He was much distressed at the state of things, and intended to write to the incumbent, though, as he said, whatever was done would end by being at his own expense, and the move and other calls left him so little in hand that he sighed over the difficulties, and declared that he was better off in London, except for the honour of the thing. Perhaps my mother was of the same opinion after a dreary afternoon, when Griff and Martyn had been wandering about aimlessly, and were at length betrayed by the barking of a little terrier, purchased the day before from Tom Petty, besieging the stable cat, who stood with swollen tail, glaring eyes, and thunderous growls, on the top of the tallest pillar of the ruins. Emily nearly cried at their cruelty. Martyn was called off by my mother, and set down, half sulky, half ashamed, to Henry and his Bearer; and Griff, vowing that he believed it was that brute who made the row at night, and that she ought to be exterminated, strolled off to converse with Chapman, who was a quaint compound of clerk and keeper—in the one capacity upholding his late master, in the other bemoaning Mr. Mears’ unpunctualities, specially as regarded weddings and funerals; one ‘corp’ having been kept waiting till a messenger had been sent to Wattlesea, who finding both clergy out for the day, had had to go to Hillside, ‘where they was always ready, though the old Squire would have been mad with him if he’d a-guessed one of they Fordys had ever set foot in the parish.’

The only school in the place was close to the meeting-house, ‘a very dame’s school indeed,’ as Emily described it after a peep on Monday. Dame Dearlove, the old woman who presided, was a picture of Shenstone’s schoolmistress,—black bonnet, horn spectacles, fearful birch rod, three-cornered buff ’kerchief, checked apron and all, but on meddling with her, she proved a very dragon, the antipodes of her name. Tattered copies of the Universal Spelling-Book served her aristocracy, ragged Testaments the general herd, whence all appeared to be shouting aloud at once. She looked sour as verjuice when my mother and Emily entered, and gave them to understand that ‘she wasn’t used to no strangers in her school, and didn’t want ’em.’ We found that in Chapman’s opinion she ‘didn’t larn ’em nothing.’ She had succeeded her aunt, who had taught him to read ‘right off,’ but ‘her baint to be compared with she.’ And now the farmers’ children, and the little aristocracy, including his own grand-children,—all indeed who, in his phrase, ‘cared for eddication,’—went to Wattlesea.

CHAPTER XI.
‘THEY FORDYS.’

‘Of honourable reckoning are you both,
And pity ’tis, you lived at odds so long.’

Shakespeare.

My father had a good deal of business in hand, and was glad of Clarence’s help in writing and accounts,—a great pleasure, though it prevented his being Griff’s companion in his exploring and essays at shooting. He had time, however, to make an expedition with me in the donkey chair to inquire after the herdboy, Amos Bell, and carry him some kitchen physic. To our horror we found him quite alone in the wretched cottage, while everybody was out harvesting; but he did not seem to pity himself, or think it otherwise than quite natural, as he lay on a little bed in the corner, disabled by what Clarence thought a dislocation.
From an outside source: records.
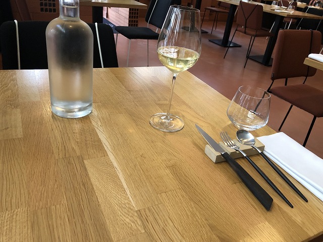 レストラン内はレンガや木目が見えるテーブルなどのインテリアでヴィンテージ感のある内装で纏められています。テーブルセッティングもシンプルなものになっています。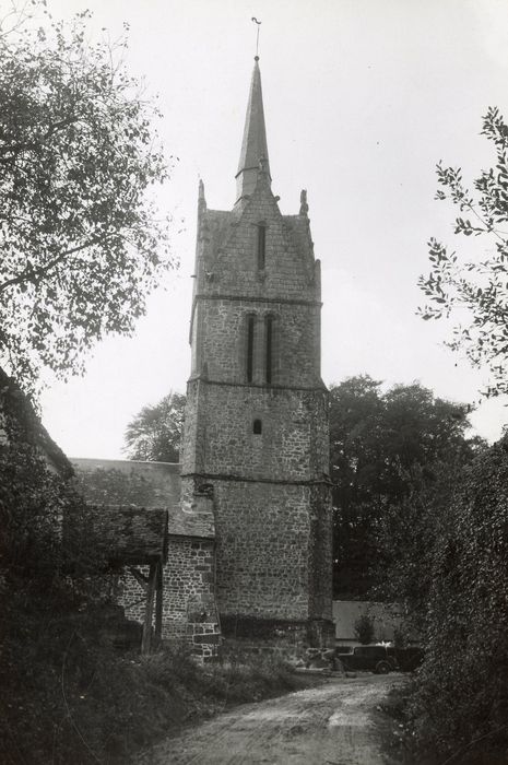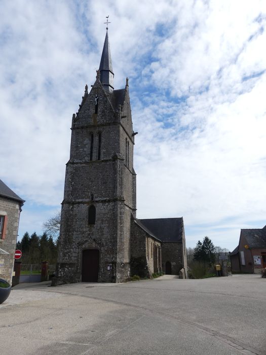 L'origine de l'église semble remonter à l'époque romane. Au cours des siècles, l'édifice a subi d'importantes transformations. Le clocher de style Renaissance présente une tour carrée, surmontée d'un beffroi ajouré sur ses quatre faces de fenêtres jumelées, couronné sur chaque face par un pignon élancé, décoré de crochets et d'une statuette, flanqué à la base de gargouilles et de pinacles. Ces pignons, ajourés d'une étroite fenêtre haute, sont reliés par des charpentes au croisement desquelles s'élève une flèche.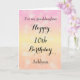 Uma bela e feliz carta neta de 16 anos, que você pode facilmente personalizar com o nome dela. Este cartão de aniversário da neta tem um design com fundo em uma rosa claro, amarelo-claro e laranja-claro. Você também pode personalizar a mensagem de aniversário dentro do cartão, se quiser.

Miss Ellen had brought him a pudding, and little Miss Anne a picture-book.

He was not so dense and shy as the children of the hamlet near us, and Emily extracted from him that Miss Ellen was ‘Our passon’s young lady.’
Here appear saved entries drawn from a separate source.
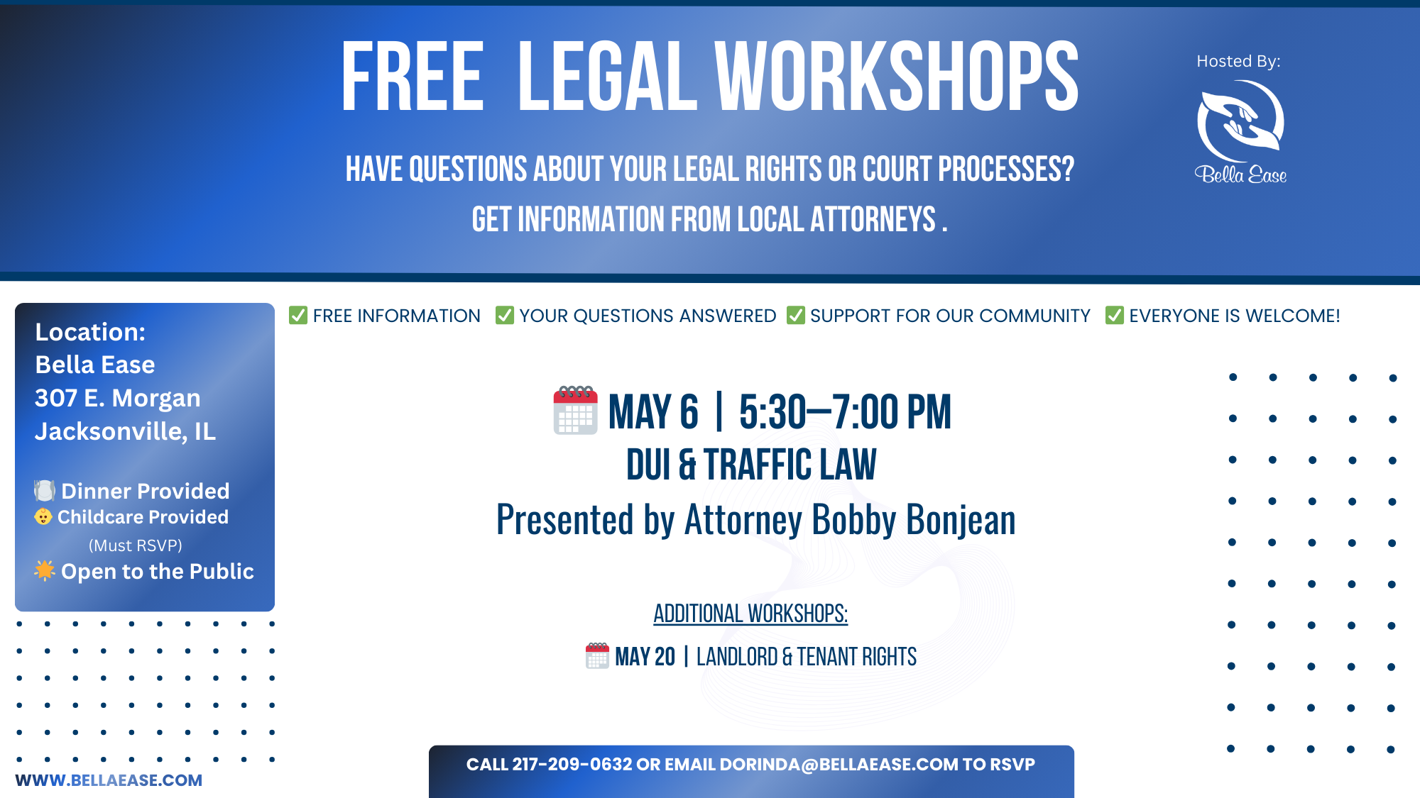 Everyone is welcome to join us for 4 Legal Workshops, where we discuss the court process and your legal rights with local attorneys.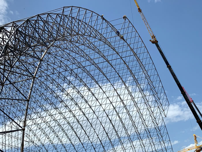 (2)网架加工前应对现场尺寸进行复测,确认无误后方可进行加工、安装;网架制作、运输、安装应遵守《空间网格结构技术规程》JGJ7-2010、《钢网架涿州螺栓球节点》JG/T 10-2009、《钢网架涿州螺栓球节点用高强度螺栓》 GB/T 16939-2016、《涿州钢结构涿州工程涿州施工规范》 GB50755-2012、《涿州钢结构涿州工程涿州施工质量验收标准》 GB50205-2020。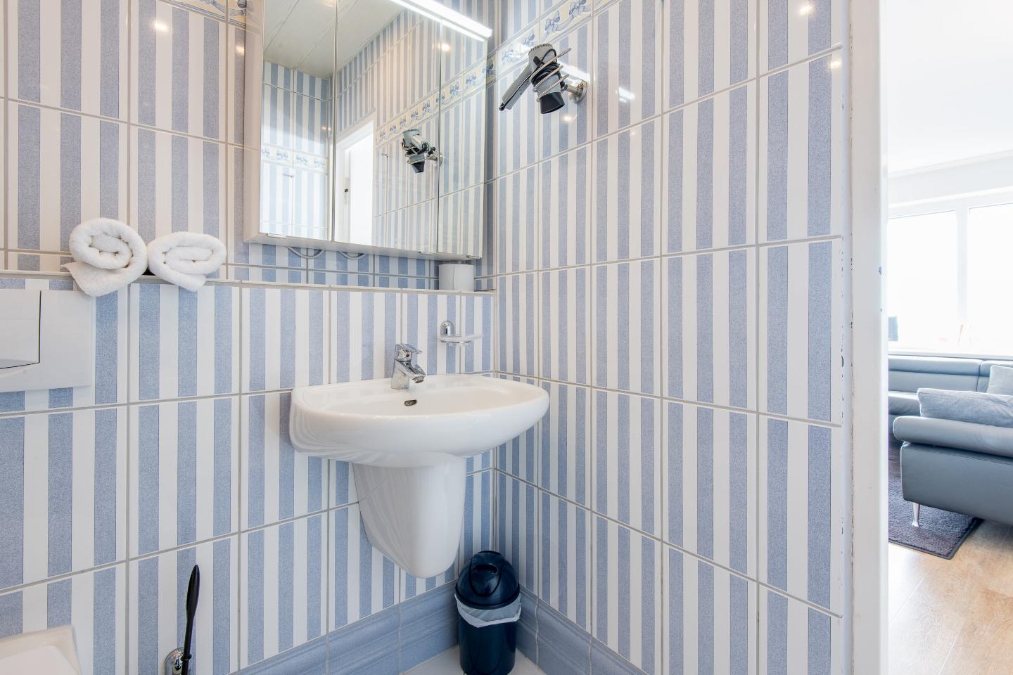 Das Badezimmer ist modern eingerichtet und verfügt über eine Dusche und ein WC – ideal für eine erfrischende Dusche nach einem Tag am Strand.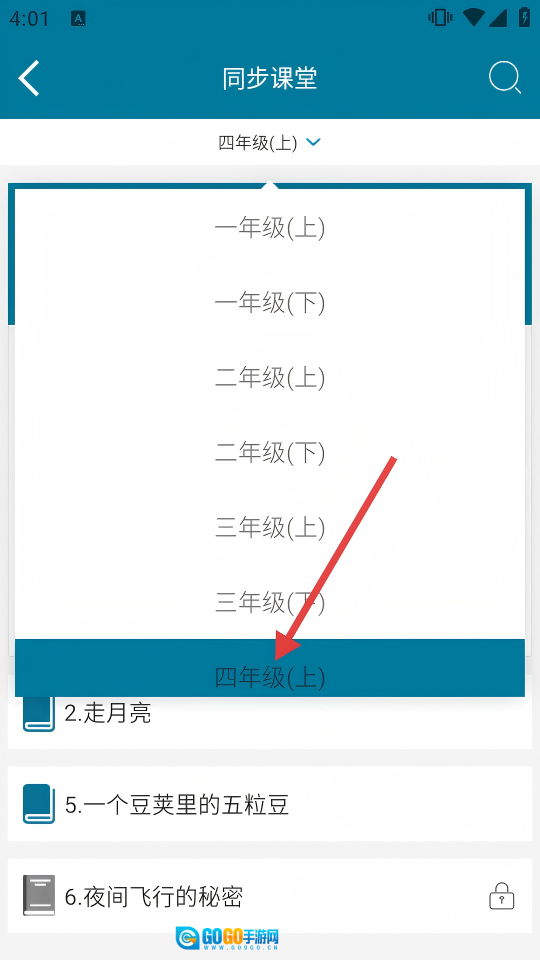 在年级列表里,找到并选择【四年级(上)】这一选项,即可进入四年级(上)的同步课堂页面。

‘Mr. Mears’!’ she exclaimed.

‘No: ourn be Passon Fordy.’

It turned out that this place was not in Earlscombe at all, but in Hillside, a different parish; and the boy, Amos, further communicated that there was old Passon Fordy, and Passon Frank, and Madam, what was Mr. Frank’s lady. Yes, he could read, he could; he went to Sunday School, and was in Miss Ellen’s class; he had been to school worky days, only father was dead, and Farmer Hartop gave him a job.

It was plain that Hillside was under a very different rule from Earlscombe; and Emily was delighted to have discovered that the sweet cottage bonnet’s owner was called Ellen, which just then was the pet Christian name of romance, in honour of the Lady of the Lake.